Excerpts from a dataset:
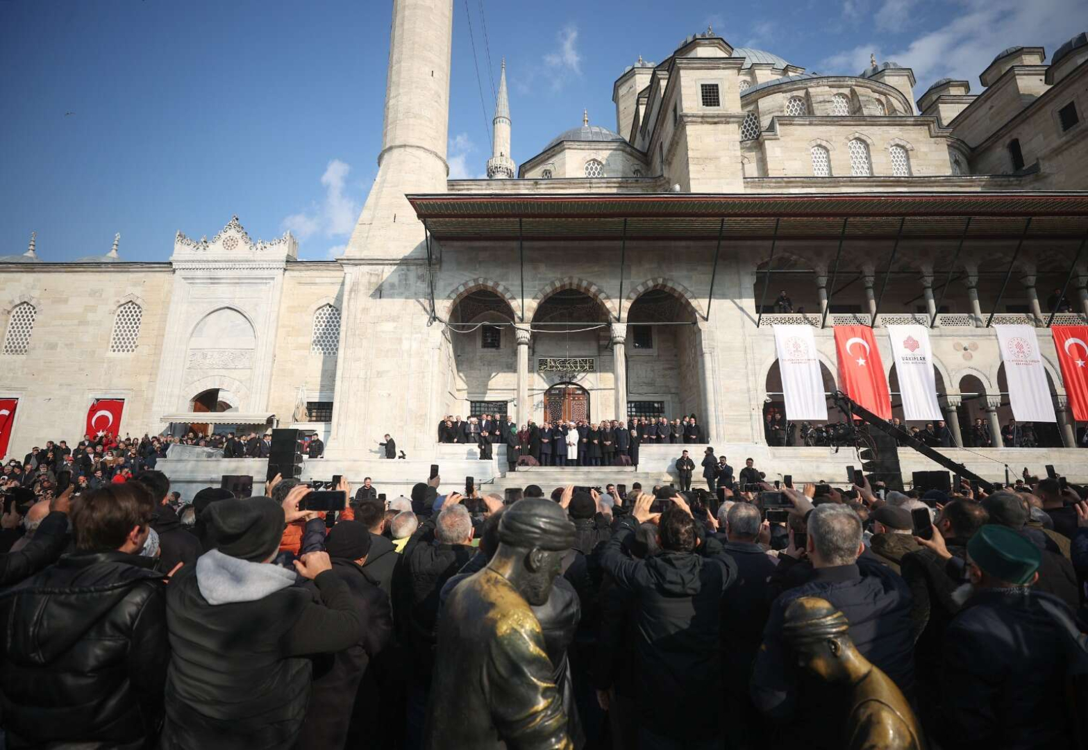 Cumhurbaşkanı Erdoğan, İstanbul Müftüsü Safi Arpaguş'un duasının ardından beraberindekilerle kurdele keserek caminin açılışını gerçekleştirdi.
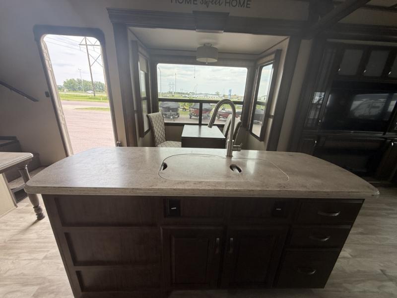 Step inside and notice how open and spacious the kitchen is. There are dual opposing slides in this area alone with the first slide to the left of the entry door featuring a free standing dinette. Opposite you will find a slide out 18 cu. ft. refrigerator, a three burner range with overhead microwave oven, and overhead cabinetry with a bit of counter space. You will love the center island which features a double sink, plenty of prep space, and it has also been prepped for a dishwasher. Add this option and spend more time outdoors rather than doing the dishes after each meal! To finish out the kitchen, along the interior wall, you will find a pantry, plus more counter and storage space for your dry goods and daily dishes.
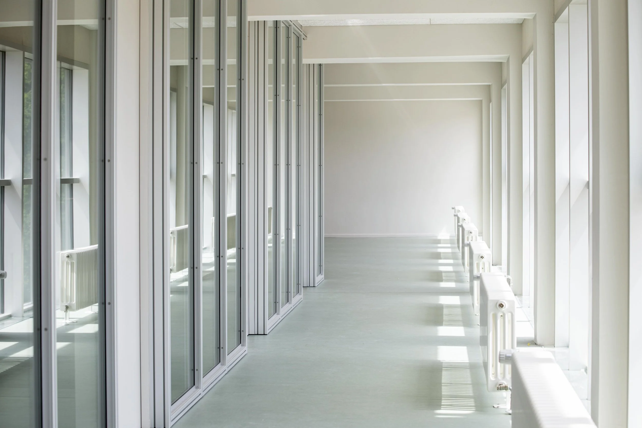 De lage energieprestaties van de bestaande gevelschil wordt aangepakt. Het dak wordt geïsoleerd, het buitenschrijnwerk wordt vervangen en gevelzonnewering wordt geïntegreerd.
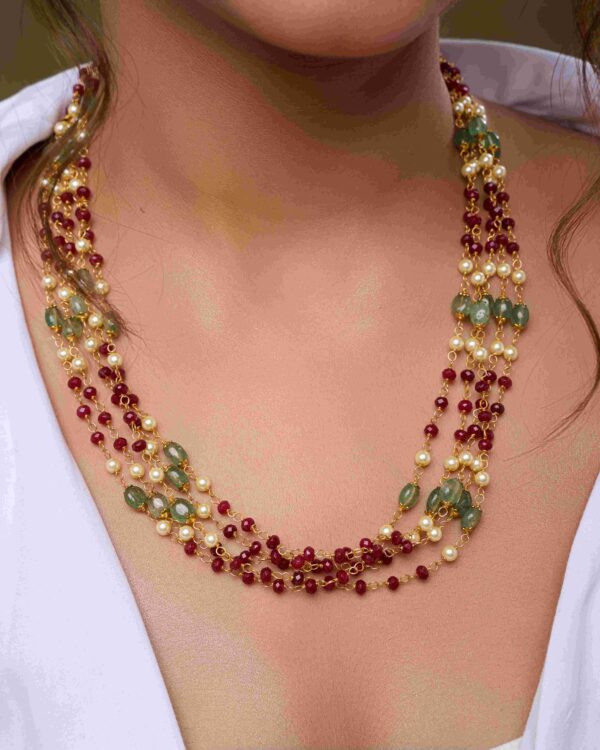Each layer is thoughtfully arranged to drape elegantly, reflecting the meticulous artistry behind the design. Paired with matching earrings, this set brings a harmonious blend of color and luxury, making it an ideal choice for weddings, festive gatherings, or cultural events.
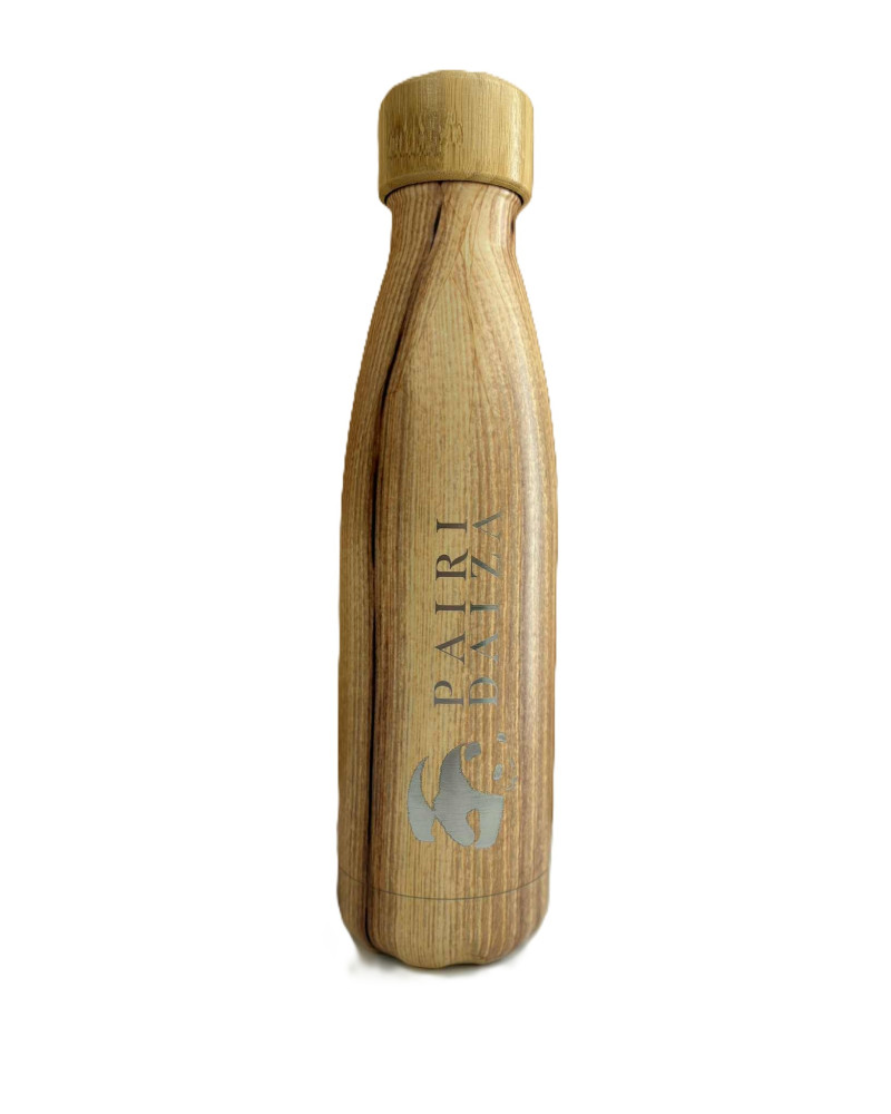 Gourde isotherme différents motifs et bouchon en imitation bois. Elle porte le logo vertical de Pairi Daiza avec la silhouette du panda, idéale comme souvenir pratique du parc.
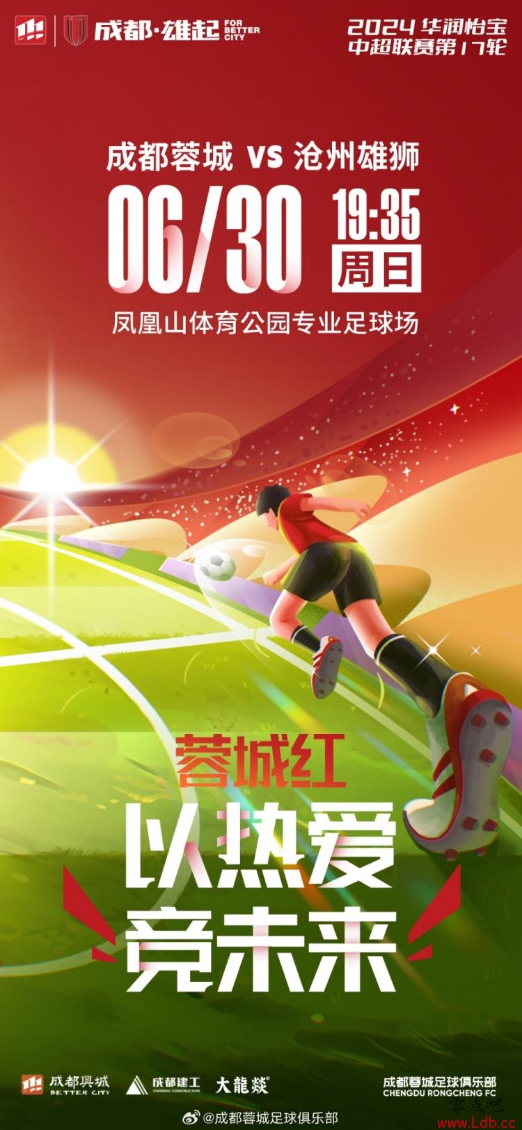 比赛日——6月30日19:35,中超第17轮,成都蓉城vs沧州雄狮
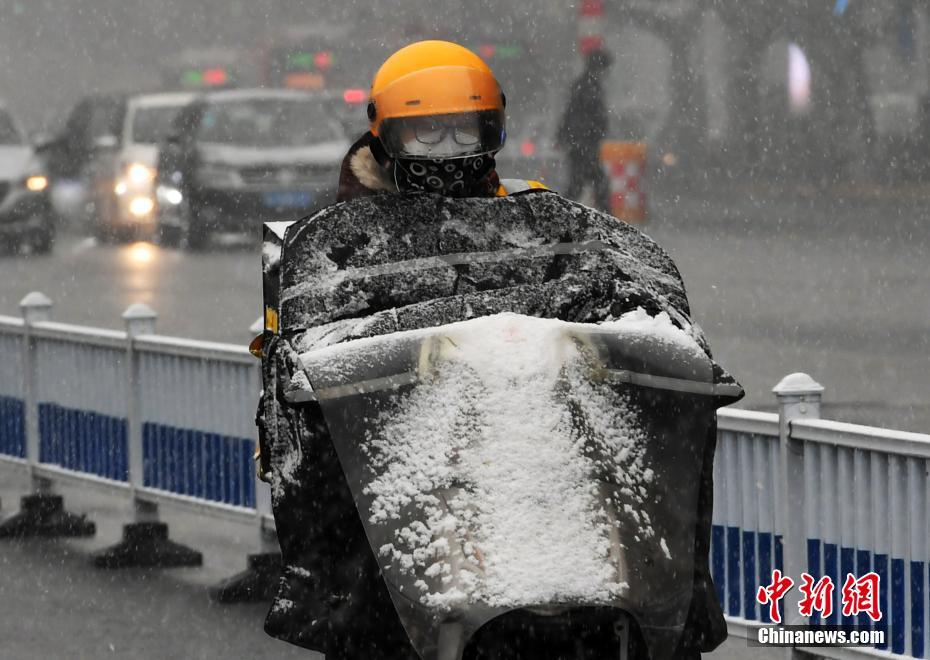 1月5日中午,河北石家庄迎来了2020年的第一场雪。图为市民雪中出行。中新社记者 翟羽佳 摄
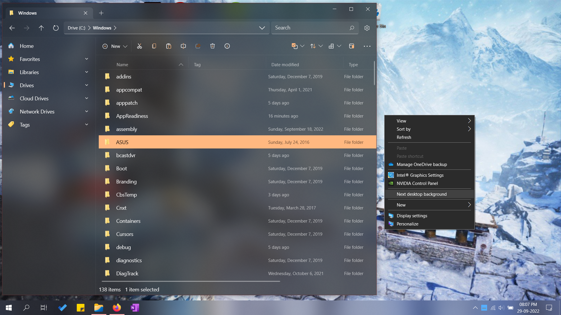 When files window is open and I right click on desktop to select 'Next Desktop Background', the Files app completely freezes.
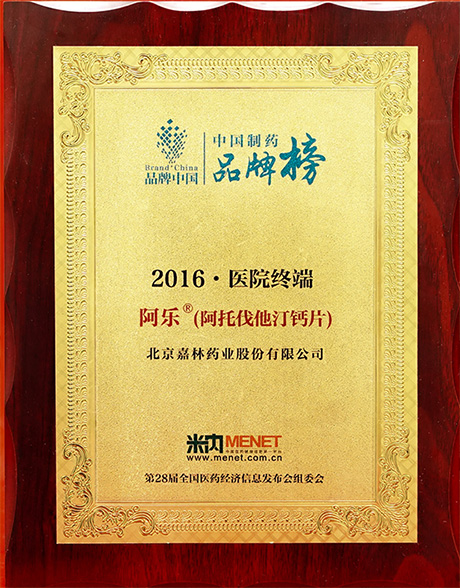 • 阿樂獲中國制藥品牌榜2016醫(yī)院終端獎

▶ EXERCISE BRIEF
Return every line above word for word, minus images.

▶ ANSWER SPACE
 Cumhurbaşkanı Erdoğan, İstanbul Müftüsü Safi Arpaguş'un duasının ardından beraberindekilerle kurdele keserek caminin açılışını gerçekleştirdi.
 Step inside and notice how open and spacious the kitchen is. There are dual opposing slides in this area alone with the first slide to the left of the entry door featuring a free standing dinette. Opposite you will find a slide out 18 cu. ft. refrigerator, a three burner range with overhead microwave oven, and overhead cabinetry with a bit of counter space. You will love the center island which features a double sink, plenty of prep space, and it has also been prepped for a dishwasher. Add this option and spend more time outdoors rather than doing the dishes after each meal! To finish out the kitchen, along the interior wall, you will find a pantry, plus more counter and storage space for your dry goods and daily dishes.
 De lage energieprestaties van de bestaande gevelschil wordt aangepakt. Het dak wordt geïsoleerd, het buitenschrijnwerk wordt vervangen en gevelzonnewering wordt geïntegreerd.
Each layer is thoughtfully arranged to drape elegantly, reflecting the meticulous artistry behind the design. Paired with matching earrings, this set brings a harmonious blend of color and luxury, making it an ideal choice for weddings, festive gatherings, or cultural events.
 Gourde isotherme différents motifs et bouchon en imitation bois. Elle porte le logo vertical de Pairi Daiza avec la silhouette du panda, idéale comme souvenir pratique du parc.
 比赛日——6月30日19:35,中超第17轮,成都蓉城vs沧州雄狮
 1月5日中午,河北石家庄迎来了2020年的第一场雪。图为市民雪中出行。中新社记者 翟羽佳 摄
 When files window is open and I right click on desktop to select 'Next Desktop Background', the Files app completely freezes.
 • 阿樂獲中國制藥品牌榜2016醫(yī)院終端獎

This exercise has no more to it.